■ Exercise directions ■
Among the entries below, please repeat exactly and only the lines from the line containing "14、找到LabVIEW Desktop Eexcution" to the line containing "-Точка безубыточности = 420000 рублей/мес", both lines included.

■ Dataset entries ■
------------------------------------
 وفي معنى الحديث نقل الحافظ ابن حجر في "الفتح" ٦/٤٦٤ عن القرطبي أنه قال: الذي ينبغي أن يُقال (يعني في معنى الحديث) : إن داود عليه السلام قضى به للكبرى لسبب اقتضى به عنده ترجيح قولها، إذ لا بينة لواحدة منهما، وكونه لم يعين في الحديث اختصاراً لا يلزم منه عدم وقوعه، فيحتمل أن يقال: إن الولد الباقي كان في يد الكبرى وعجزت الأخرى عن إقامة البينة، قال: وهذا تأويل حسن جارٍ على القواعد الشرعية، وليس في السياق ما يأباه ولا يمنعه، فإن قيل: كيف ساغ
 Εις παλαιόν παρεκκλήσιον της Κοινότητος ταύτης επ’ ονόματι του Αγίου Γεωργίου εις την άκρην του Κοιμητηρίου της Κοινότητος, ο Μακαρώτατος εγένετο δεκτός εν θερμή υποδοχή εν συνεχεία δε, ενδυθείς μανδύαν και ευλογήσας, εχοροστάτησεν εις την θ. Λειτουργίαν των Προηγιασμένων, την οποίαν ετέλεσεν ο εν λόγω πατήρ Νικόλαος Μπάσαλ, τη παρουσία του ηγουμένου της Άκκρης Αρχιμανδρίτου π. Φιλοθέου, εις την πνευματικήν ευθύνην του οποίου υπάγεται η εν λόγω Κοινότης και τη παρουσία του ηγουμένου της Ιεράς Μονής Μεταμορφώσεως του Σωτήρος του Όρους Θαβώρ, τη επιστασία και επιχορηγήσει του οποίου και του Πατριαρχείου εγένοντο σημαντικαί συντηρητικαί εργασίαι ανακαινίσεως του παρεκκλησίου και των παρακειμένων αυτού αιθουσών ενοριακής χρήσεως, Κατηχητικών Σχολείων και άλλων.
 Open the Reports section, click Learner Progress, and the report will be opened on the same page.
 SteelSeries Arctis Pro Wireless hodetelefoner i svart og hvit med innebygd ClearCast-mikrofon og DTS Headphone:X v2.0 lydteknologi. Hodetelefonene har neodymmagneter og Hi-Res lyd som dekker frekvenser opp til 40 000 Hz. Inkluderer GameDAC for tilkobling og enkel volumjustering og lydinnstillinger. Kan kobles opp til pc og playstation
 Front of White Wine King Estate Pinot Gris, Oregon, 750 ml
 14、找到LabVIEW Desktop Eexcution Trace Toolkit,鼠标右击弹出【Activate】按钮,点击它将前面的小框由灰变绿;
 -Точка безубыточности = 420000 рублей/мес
------------------------------------
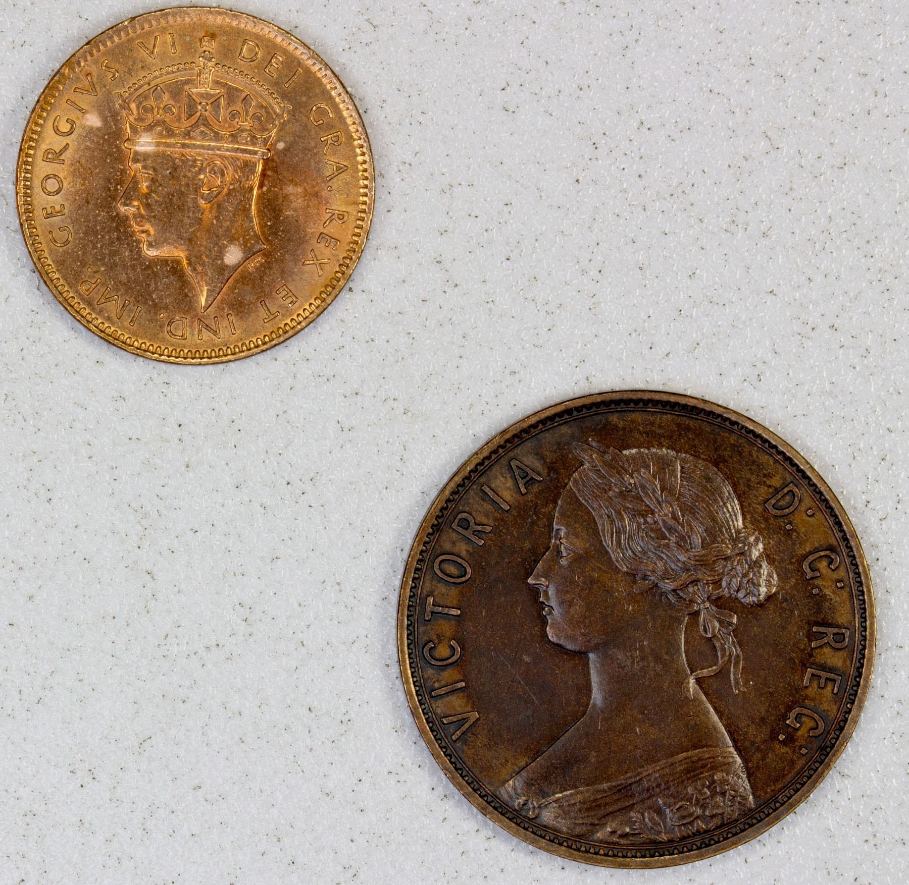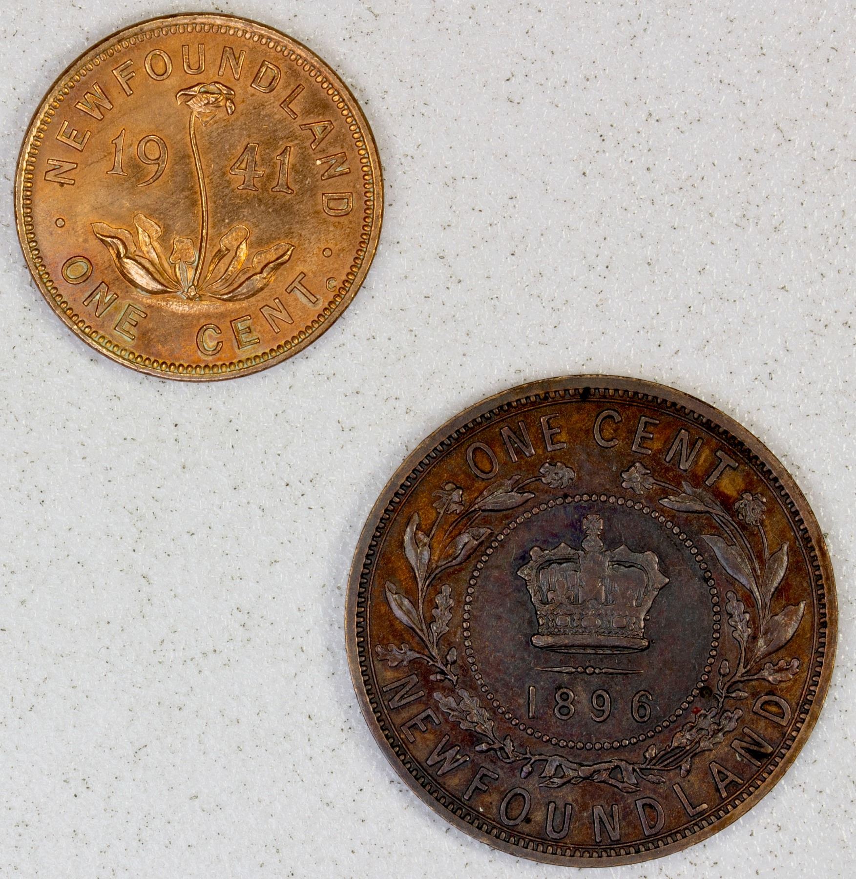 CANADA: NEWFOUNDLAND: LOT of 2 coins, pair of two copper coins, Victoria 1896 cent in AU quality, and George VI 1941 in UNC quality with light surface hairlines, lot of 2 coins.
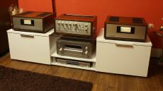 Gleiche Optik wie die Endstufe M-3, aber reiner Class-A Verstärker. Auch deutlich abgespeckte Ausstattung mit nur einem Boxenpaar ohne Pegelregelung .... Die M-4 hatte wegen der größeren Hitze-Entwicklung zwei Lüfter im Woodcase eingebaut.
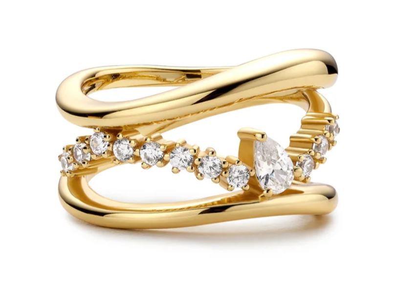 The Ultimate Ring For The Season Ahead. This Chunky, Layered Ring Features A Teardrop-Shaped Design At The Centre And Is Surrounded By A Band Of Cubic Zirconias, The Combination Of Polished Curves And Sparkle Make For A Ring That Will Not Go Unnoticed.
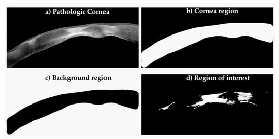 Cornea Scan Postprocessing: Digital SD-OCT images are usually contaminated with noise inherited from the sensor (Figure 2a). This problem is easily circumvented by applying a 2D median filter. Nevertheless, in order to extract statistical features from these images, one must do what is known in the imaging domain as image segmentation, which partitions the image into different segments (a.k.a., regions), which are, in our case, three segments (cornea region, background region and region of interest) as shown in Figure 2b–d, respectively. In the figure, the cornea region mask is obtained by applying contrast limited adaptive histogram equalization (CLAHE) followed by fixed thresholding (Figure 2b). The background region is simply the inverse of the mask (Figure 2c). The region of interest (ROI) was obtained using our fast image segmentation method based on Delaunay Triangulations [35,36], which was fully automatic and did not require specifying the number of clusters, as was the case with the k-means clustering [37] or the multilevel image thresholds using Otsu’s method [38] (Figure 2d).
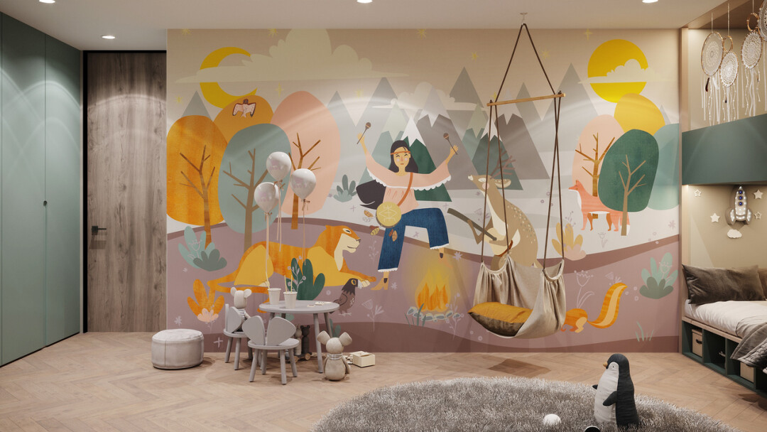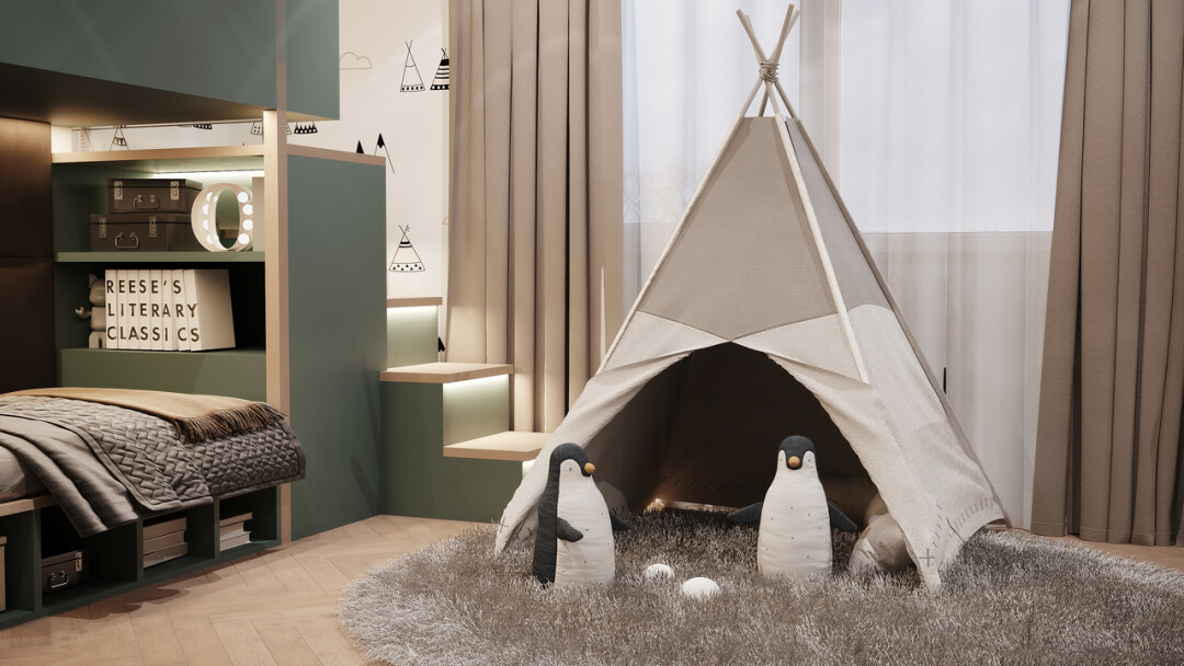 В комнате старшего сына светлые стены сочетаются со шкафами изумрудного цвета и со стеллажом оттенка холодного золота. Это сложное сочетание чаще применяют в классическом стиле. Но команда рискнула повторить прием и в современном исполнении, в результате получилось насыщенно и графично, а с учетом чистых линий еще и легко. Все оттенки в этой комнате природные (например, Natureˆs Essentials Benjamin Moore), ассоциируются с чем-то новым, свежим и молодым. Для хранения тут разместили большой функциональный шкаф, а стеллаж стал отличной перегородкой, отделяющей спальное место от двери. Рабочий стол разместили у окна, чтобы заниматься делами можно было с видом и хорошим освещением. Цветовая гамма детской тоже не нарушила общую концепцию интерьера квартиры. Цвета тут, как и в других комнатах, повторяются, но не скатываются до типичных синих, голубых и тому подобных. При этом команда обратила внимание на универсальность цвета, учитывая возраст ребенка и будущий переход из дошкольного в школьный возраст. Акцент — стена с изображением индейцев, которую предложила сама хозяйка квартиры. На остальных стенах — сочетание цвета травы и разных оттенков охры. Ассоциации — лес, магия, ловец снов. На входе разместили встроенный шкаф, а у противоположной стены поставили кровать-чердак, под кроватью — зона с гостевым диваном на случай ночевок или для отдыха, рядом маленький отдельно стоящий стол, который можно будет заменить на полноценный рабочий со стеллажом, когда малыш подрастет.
------------------------------------
■ Output below ■
 14、找到LabVIEW Desktop Eexcution Trace Toolkit,鼠标右击弹出【Activate】按钮,点击它将前面的小框由灰变绿;
 -Точка безубыточности = 420000 рублей/мес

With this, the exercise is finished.